Commissioner, this was not a warning. This was a historic memo -- historical memo prepared by the agency because the president was asking questions about what we knew about the inside.
(Emphasis added) Now, at the time she was testifying, she knew that her interlocutor had seen the PDB, but could not reveal its contents because it was still classified. She therefor knew that she could say anything she wanted about it, and he could not contradict her in public. However, the public eventually did see the unclassified version of the PDB, and it seems more like a warning, not a "historic document":
Bin Ladin Determined to Strike in US

Clandestine, foreign government, and media reports indicate Bin Ladin since 1997' has wanted to conduct terrorist attacks in the US. Bin Ladin implied in US television interviews in 1997 and 1998 that his followers would follow the example of World Trade Center bomber Ramzi Yousef and "bring the fighting to America."

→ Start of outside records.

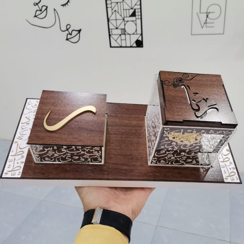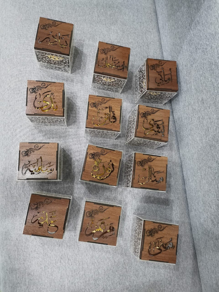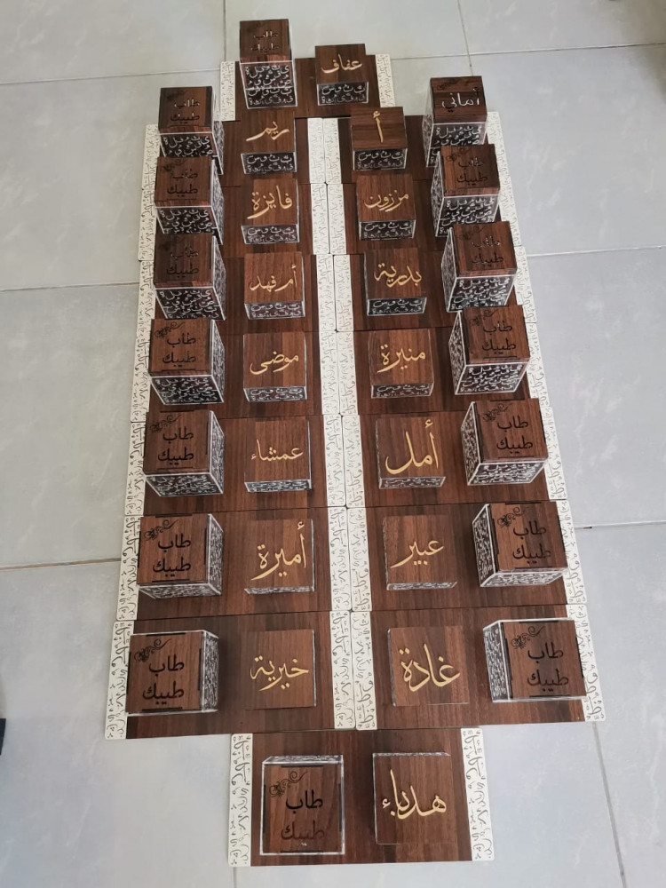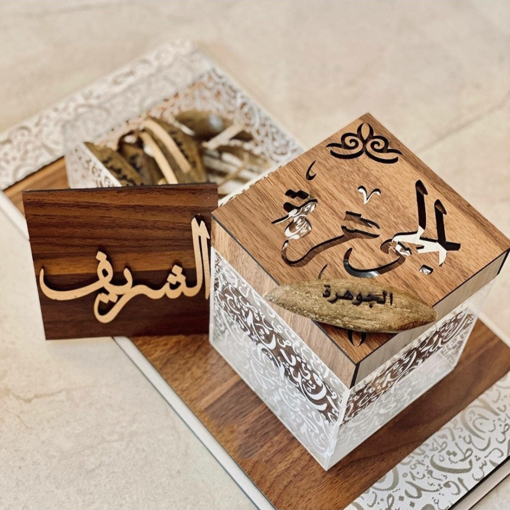 مباخر خشبية مضغوطة باكريلك مع نحت العبارة والاسم
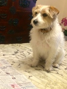 今日はシマちゃんを連れて実家へ。テーブルの上でちんまりしてます。
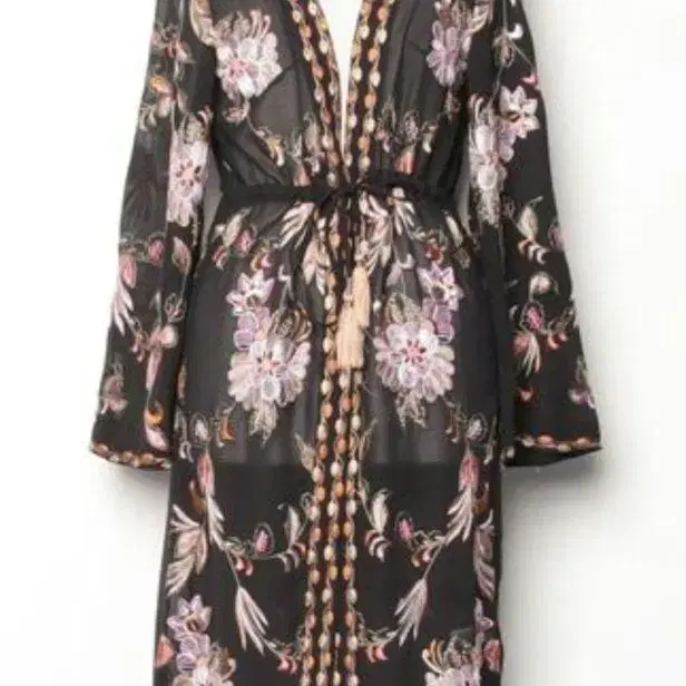 그레이스 콘티넨탈 올 패턴 자수 롱 태슬 가디건
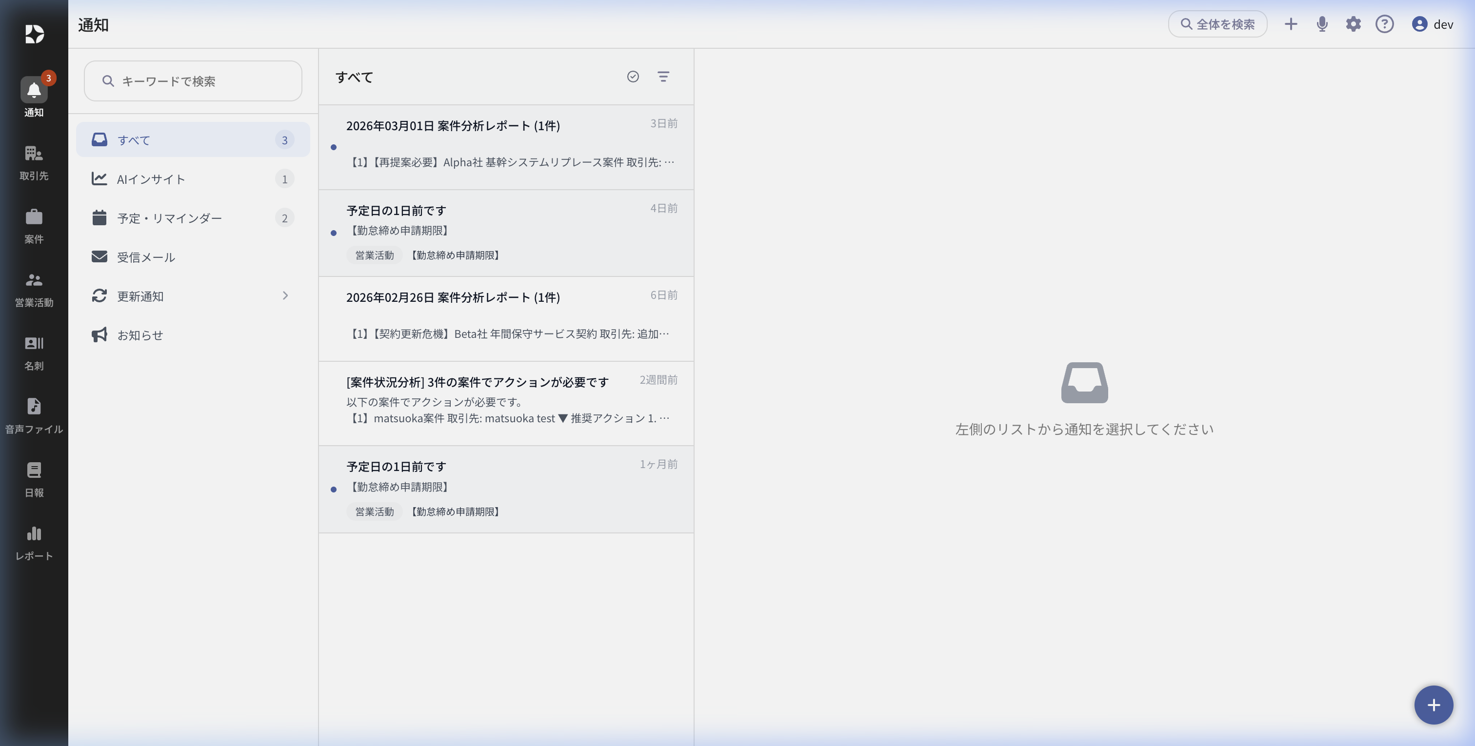 DRIVE SFA に届く各種通知・メールを一元管理する画面です。左サイドバーの 「通知」 からアクセスします。
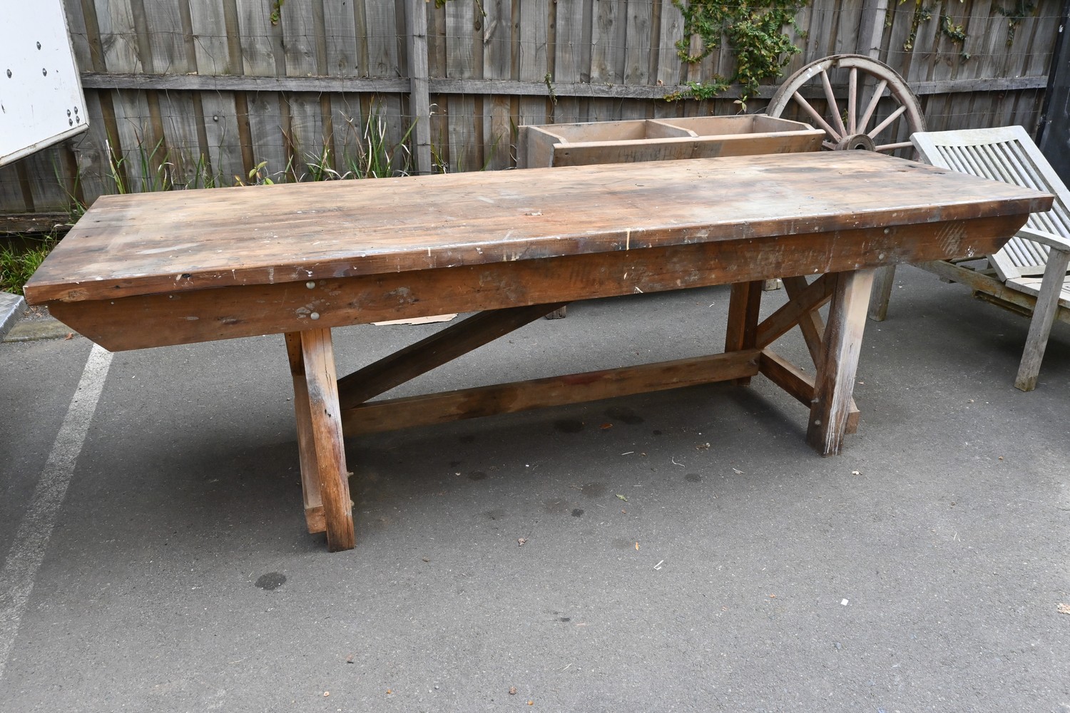 A RUSTIC WORK BENCH (A/F) (88H X 276W X 88D CM) (PLEASE NOTE THIS HEAVY ITEM MUST BE REMOVED BY CARRIERS AT THE CUSTOMER'S EXPENSE. LEONARD JOEL STAFF CANNOT ASSIST CARRYING THIS ITEM) (X-LARGE ITEM)
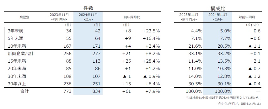 業歴別では、「30年以上」251件(前年同月236件、6.4%増)が最多。一方業歴10年未満の「新興企業」277件(前年同月256件、8.2%増)も33.2%を占め、過去3番目の高水準となっている。
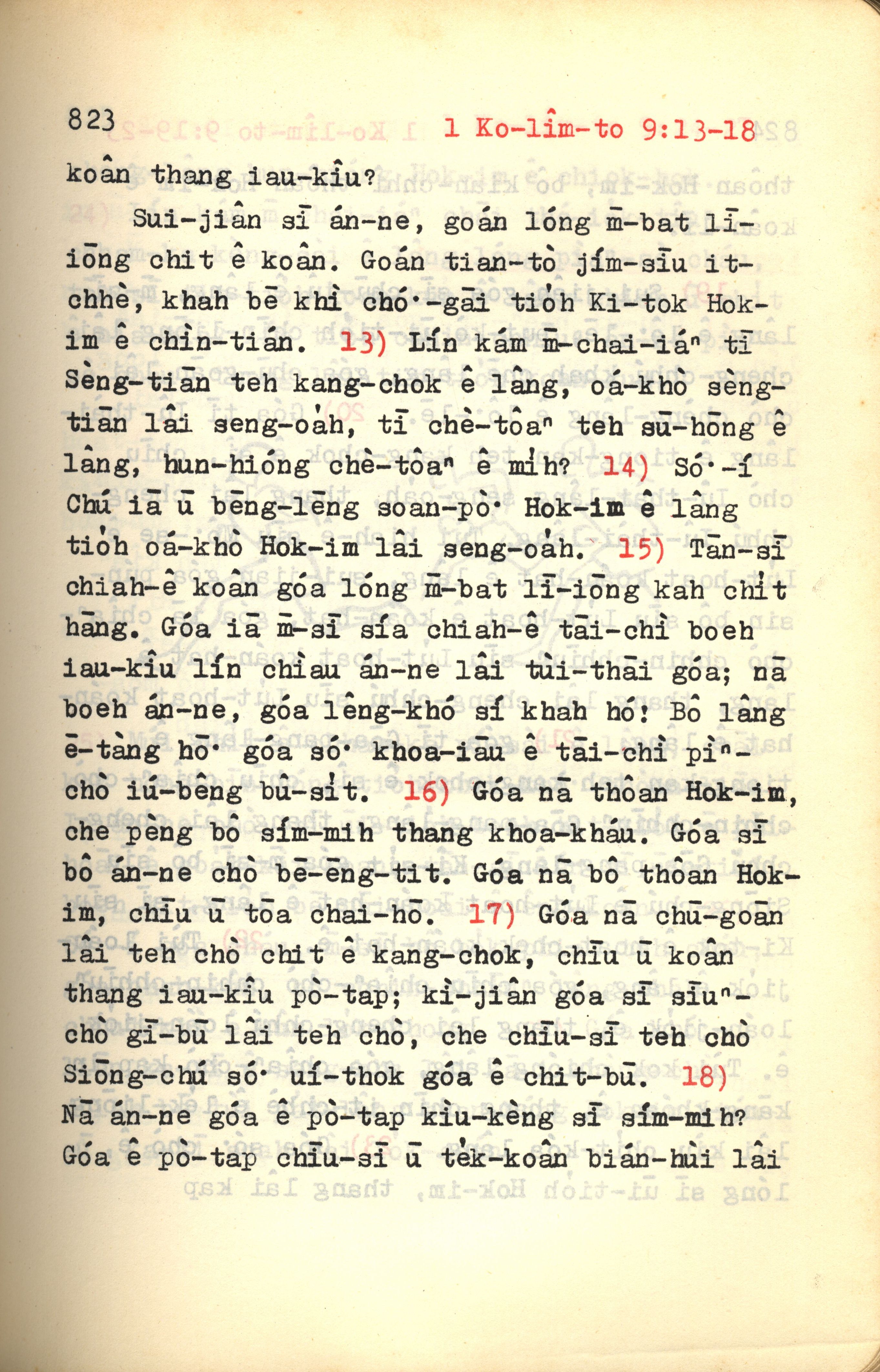 1972年新約紅皮聖經 哥林多前書 9 章 13 節到 9 章 18 節
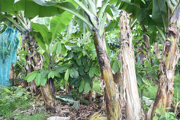 Sur son exploitation de 60 hectares, Patrick Aubery pratique l’agroforesterie sur une dizaine d’hectares. Précurseur sur l’arrêt des insecticides grâce à l’enherbement permanent, l’objectif de Patrick Aubery est de réussir à améliorer les sols tout en cultivant de la banane. « Tout l’enjeu est de trouver le bon équilibre en rajoutant des plantes tout en ayant une banane de qualité et productive. Car plus il y a de plantes plus les systèmes sont résilients face aux aléas climatiques ». Pas moins de 5 variétés sont ainsi réunies sur une même parcelle : la banane, culture principale, l’herbe, la plante de couverture comme le Desmodium, le cacaoyer et l’eucalyptus.
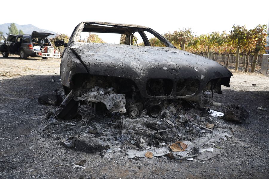 Photo taken on Oct. 24, 2019 shows a burnt car in Sonoma County, the U.S. state of California. (Photo by Li Jianguo/Xinhua)
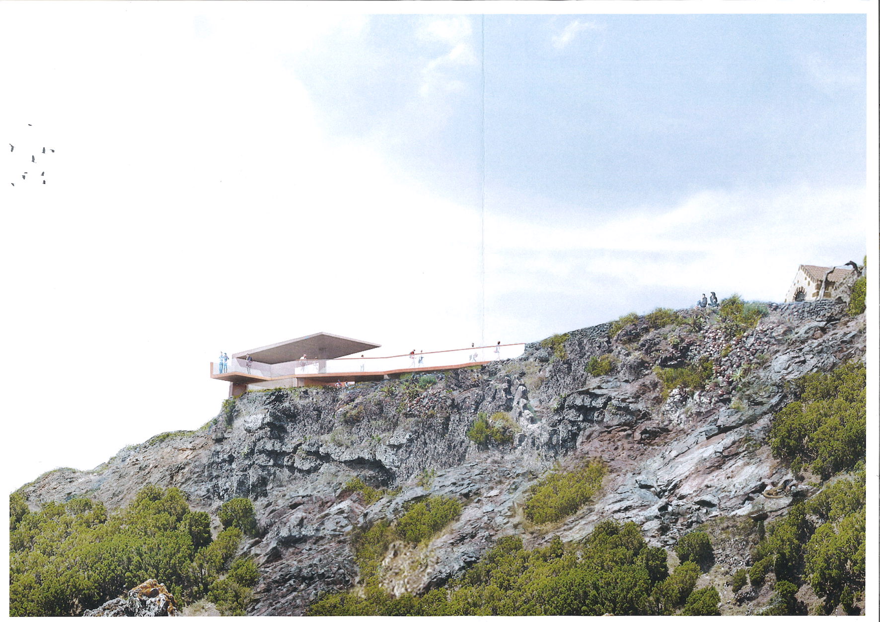 La propuesta para Jinama recupera la apertura del frente, sustituyendo los muros los actuales de piedra por otros de cristal, adentrándose en la caída del risco con una pasarela también acristalada.
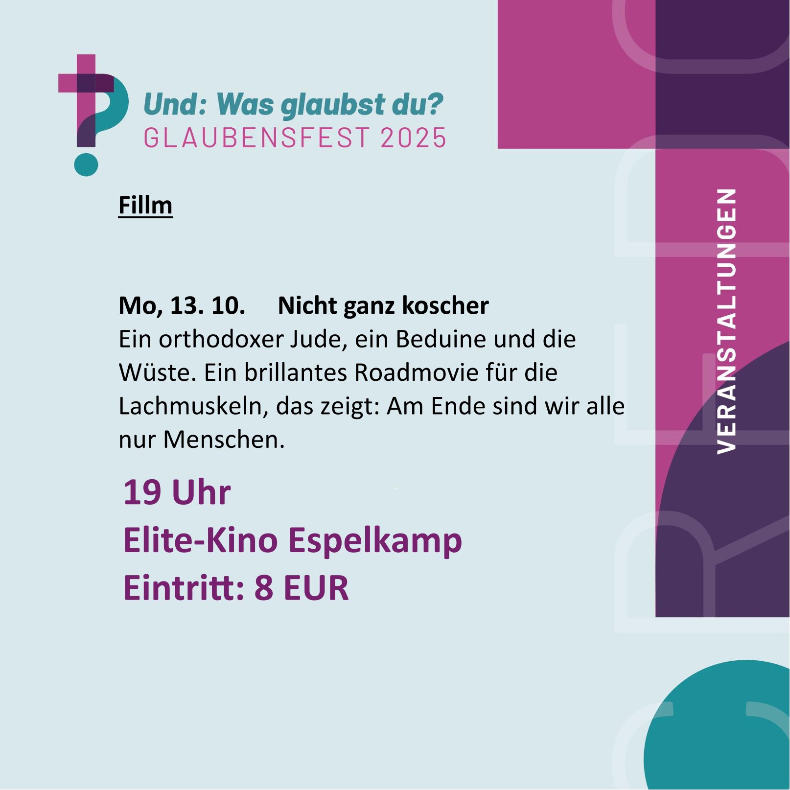Im Rahmen der diesjährigen Veranstaltungsreihe "Und: was glaubst du? Glaubensfest 2025" veranstaltet der Ev. Kirchenkreis Lübbecke in Zusammenarbeit mit dem Elite-Kino in Espelkamp eine Filmreihe. Jeweils am 2. Montag in den Monaten September bis Dezember wird ein Film gezeigt, der in besonderer Weise eine Antwort gibt auf die Frage "Was glaubst Du?".

After US missile strikes on his base in Afghanistan in 1998, Bin Ladin told followers he wanted to retaliate in Washington, according to a [deleted text] service. An Egyptian Islamic Jihad (EIJ) operative told an [deleted text] service at the same time that Bin Ladin was planning to exploit the operative's access to the US to mount a terrorist strike.


Although Bin Ladin has not succeeded, his attacks against the US Embassies in Kenya and Tanzania in 1998 demonstrate that he prepares operations years in advance and is not deterred by setbacks. Bin Ladin associates surveilled our Embassies in Nairobi and Dar es Salaam as early as 1993, and some members of the Nairobi cell planning the bombings were arrested and deported in 1997.

Al-Qa'ida members — including some who are US citizens — have resided in or traveled to the US for years, and the group apparently maintains a support structure that could aid attacks. Two al-Qa'ida members found guilty in the conspiracy to bomb our Embassies in East Africa were US citizens, and a senior EIJ member lived in California in the mid-1990s.

A clandestine source said in 1998 that a Bin Ladin cell in New York was recruiting Muslim-American youth for attacks.

We have not been able to corroborate some of the more sensational threat reporting, such as that from a [deleted text] service in 1998 saying that Bin Ladin wanted to hijack a US aircraft to gain the release of "Blind Shaykh" 'Umar' Abd aI-Rahman and other US-held extremists.

Nevertheless, FBI information since that time indicates patterns of suspicious activity in this country consistent with preparations for hijackings or other types of attacks, including recent surveillance of federal buildings in New York.
(Emphasis added) Dr. Rice managed to avoid being called to account for her lack of candor with the 9-11 Commission, during her confirmation hearings. Nevertheless, I don't think a charge of "racism" is appropriate, where some senators had good reason to express misgivings about promoting Dr. Rice to Secretary of State.